WORK TASK → In the records below, find the line with "Рис. 1. Соотношение тематик докладов" and the line with "meritbaserad plats på"; return exactly those lines and every line between them.

RECORDS SUPPLIED →

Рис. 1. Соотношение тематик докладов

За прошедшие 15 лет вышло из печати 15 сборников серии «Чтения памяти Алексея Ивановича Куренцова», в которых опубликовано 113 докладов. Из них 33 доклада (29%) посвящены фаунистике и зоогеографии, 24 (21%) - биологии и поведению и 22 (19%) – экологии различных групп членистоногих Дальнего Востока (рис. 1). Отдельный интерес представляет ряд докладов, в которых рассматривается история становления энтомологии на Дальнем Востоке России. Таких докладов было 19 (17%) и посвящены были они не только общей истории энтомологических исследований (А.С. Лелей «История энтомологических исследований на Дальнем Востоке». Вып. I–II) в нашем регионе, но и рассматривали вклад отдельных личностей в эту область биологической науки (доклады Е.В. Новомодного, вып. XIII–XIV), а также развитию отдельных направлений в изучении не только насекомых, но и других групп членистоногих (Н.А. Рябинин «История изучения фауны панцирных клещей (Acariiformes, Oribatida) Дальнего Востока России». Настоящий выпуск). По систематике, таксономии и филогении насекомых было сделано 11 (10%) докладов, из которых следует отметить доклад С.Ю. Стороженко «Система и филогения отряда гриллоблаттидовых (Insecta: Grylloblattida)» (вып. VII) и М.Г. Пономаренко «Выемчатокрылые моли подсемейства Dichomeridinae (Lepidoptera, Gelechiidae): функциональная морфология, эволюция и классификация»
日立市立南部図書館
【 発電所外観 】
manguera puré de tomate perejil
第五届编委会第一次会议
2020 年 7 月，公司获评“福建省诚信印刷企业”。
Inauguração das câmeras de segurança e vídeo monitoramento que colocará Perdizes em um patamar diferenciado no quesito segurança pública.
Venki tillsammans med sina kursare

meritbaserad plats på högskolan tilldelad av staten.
* * *
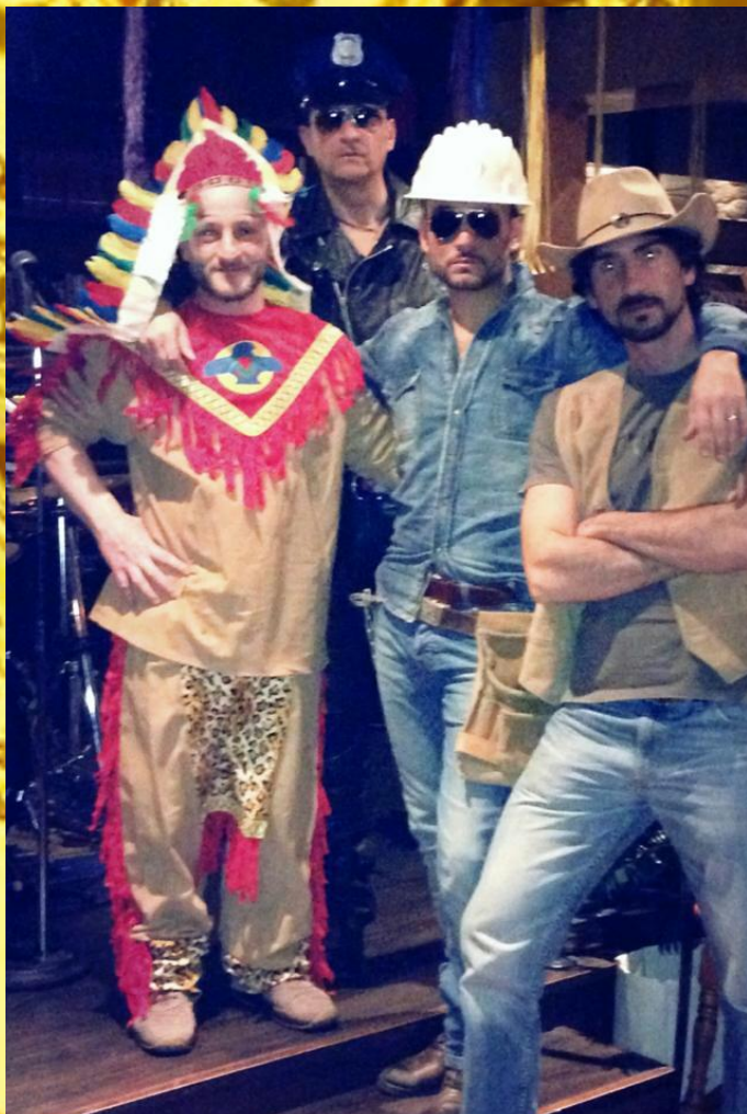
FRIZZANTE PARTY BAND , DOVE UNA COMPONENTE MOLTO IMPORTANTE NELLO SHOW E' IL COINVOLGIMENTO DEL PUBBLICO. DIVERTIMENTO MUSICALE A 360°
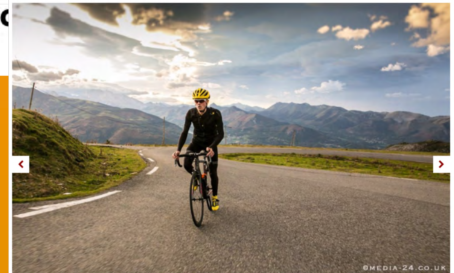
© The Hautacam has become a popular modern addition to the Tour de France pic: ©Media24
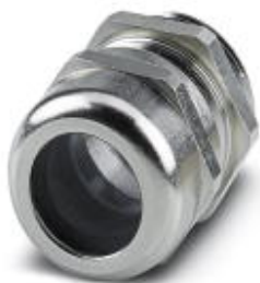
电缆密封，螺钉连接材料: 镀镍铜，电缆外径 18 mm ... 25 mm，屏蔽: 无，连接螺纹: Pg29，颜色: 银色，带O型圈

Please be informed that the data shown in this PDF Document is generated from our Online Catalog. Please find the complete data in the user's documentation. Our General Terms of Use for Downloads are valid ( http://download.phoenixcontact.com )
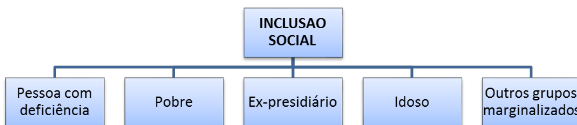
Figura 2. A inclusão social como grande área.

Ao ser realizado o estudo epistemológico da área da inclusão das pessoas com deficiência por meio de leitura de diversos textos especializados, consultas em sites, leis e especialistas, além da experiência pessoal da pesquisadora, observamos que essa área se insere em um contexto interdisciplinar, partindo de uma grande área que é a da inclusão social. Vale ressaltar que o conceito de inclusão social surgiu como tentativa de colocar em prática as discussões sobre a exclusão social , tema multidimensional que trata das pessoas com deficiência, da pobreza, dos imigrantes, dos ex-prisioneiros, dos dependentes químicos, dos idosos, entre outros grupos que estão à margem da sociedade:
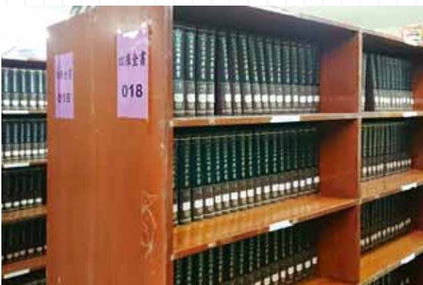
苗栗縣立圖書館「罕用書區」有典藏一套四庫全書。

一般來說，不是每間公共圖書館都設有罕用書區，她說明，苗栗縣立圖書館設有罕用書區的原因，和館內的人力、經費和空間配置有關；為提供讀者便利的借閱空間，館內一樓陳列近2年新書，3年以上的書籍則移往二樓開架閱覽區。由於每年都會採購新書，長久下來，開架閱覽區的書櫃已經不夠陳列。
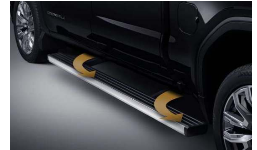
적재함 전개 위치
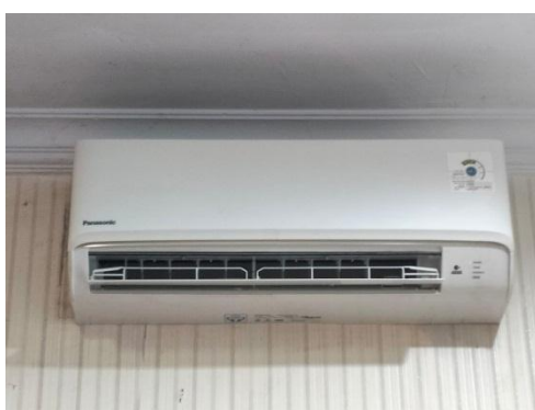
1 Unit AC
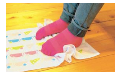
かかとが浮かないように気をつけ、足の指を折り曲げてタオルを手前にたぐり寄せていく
---
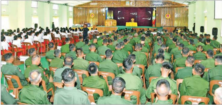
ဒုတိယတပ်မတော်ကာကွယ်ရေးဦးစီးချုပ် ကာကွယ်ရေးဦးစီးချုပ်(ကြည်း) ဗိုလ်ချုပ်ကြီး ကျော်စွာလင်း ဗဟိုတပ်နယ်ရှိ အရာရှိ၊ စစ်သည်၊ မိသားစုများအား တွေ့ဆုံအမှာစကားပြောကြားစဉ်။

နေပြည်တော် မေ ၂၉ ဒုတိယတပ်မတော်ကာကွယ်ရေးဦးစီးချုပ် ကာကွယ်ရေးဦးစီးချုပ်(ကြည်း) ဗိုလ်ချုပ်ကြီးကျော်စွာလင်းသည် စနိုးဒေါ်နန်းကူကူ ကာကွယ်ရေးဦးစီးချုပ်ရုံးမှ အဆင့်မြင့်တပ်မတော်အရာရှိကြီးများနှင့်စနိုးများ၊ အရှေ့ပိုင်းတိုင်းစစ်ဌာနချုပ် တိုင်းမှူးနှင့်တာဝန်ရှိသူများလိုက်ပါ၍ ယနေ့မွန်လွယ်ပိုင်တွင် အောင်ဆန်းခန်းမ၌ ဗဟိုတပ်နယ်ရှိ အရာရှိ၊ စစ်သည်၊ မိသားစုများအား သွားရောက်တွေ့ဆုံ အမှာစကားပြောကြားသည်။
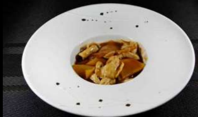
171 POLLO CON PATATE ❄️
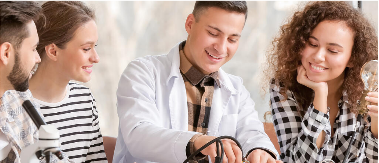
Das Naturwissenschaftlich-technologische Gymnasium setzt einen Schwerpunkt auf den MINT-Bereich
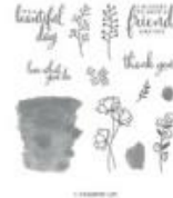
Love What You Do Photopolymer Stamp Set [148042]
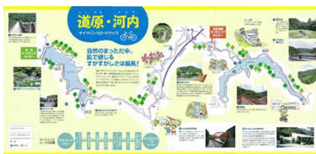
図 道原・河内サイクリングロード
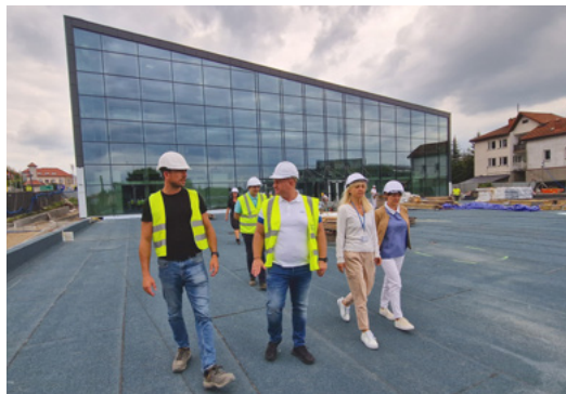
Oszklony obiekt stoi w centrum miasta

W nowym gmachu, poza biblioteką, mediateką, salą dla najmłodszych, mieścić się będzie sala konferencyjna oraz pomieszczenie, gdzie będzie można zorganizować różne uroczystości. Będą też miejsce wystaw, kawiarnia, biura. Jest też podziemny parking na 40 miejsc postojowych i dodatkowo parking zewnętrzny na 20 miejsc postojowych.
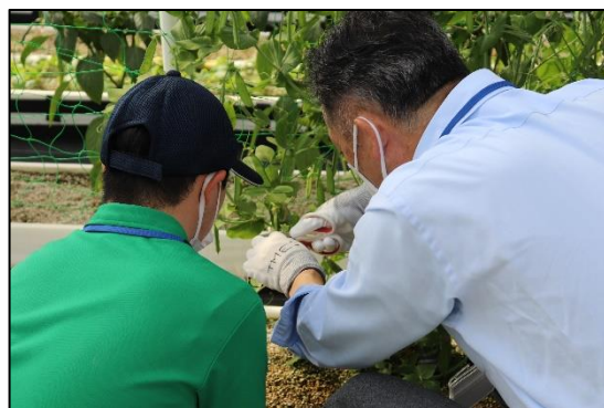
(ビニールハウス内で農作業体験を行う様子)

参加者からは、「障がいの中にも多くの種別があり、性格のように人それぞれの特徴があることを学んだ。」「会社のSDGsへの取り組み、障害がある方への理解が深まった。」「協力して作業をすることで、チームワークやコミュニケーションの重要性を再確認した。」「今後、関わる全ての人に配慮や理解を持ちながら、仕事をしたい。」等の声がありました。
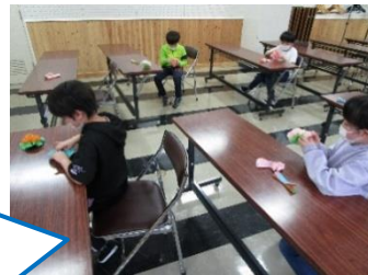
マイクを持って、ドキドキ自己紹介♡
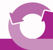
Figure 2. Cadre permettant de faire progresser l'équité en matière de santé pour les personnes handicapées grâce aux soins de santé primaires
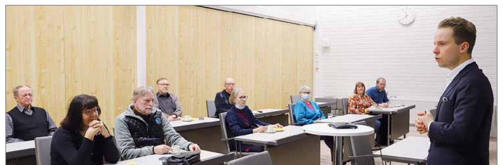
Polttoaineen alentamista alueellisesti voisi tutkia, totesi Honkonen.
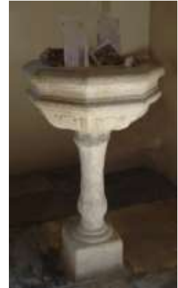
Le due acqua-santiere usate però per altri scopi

OUTPUT OF THE TASK →
Рис. 1. Соотношение тематик докладов

За прошедшие 15 лет вышло из печати 15 сборников серии «Чтения памяти Алексея Ивановича Куренцова», в которых опубликовано 113 докладов. Из них 33 доклада (29%) посвящены фаунистике и зоогеографии, 24 (21%) - биологии и поведению и 22 (19%) – экологии различных групп членистоногих Дальнего Востока (рис. 1). Отдельный интерес представляет ряд докладов, в которых рассматривается история становления энтомологии на Дальнем Востоке России. Таких докладов было 19 (17%) и посвящены были они не только общей истории энтомологических исследований (А.С. Лелей «История энтомологических исследований на Дальнем Востоке». Вып. I–II) в нашем регионе, но и рассматривали вклад отдельных личностей в эту область биологической науки (доклады Е.В. Новомодного, вып. XIII–XIV), а также развитию отдельных направлений в изучении не только насекомых, но и других групп членистоногих (Н.А. Рябинин «История изучения фауны панцирных клещей (Acariiformes, Oribatida) Дальнего Востока России». Настоящий выпуск). По систематике, таксономии и филогении насекомых было сделано 11 (10%) докладов, из которых следует отметить доклад С.Ю. Стороженко «Система и филогения отряда гриллоблаттидовых (Insecta: Grylloblattida)» (вып. VII) и М.Г. Пономаренко «Выемчатокрылые моли подсемейства Dichomeridinae (Lepidoptera, Gelechiidae): функциональная морфология, эволюция и классификация»
日立市立南部図書館
【 発電所外観 】
manguera puré de tomate perejil
第五届编委会第一次会议
2020 年 7 月，公司获评“福建省诚信印刷企业”。
Inauguração das câmeras de segurança e vídeo monitoramento que colocará Perdizes em um patamar diferenciado no quesito segurança pública.
Venki tillsammans med sina kursare

meritbaserad plats på högskolan tilldelad av staten.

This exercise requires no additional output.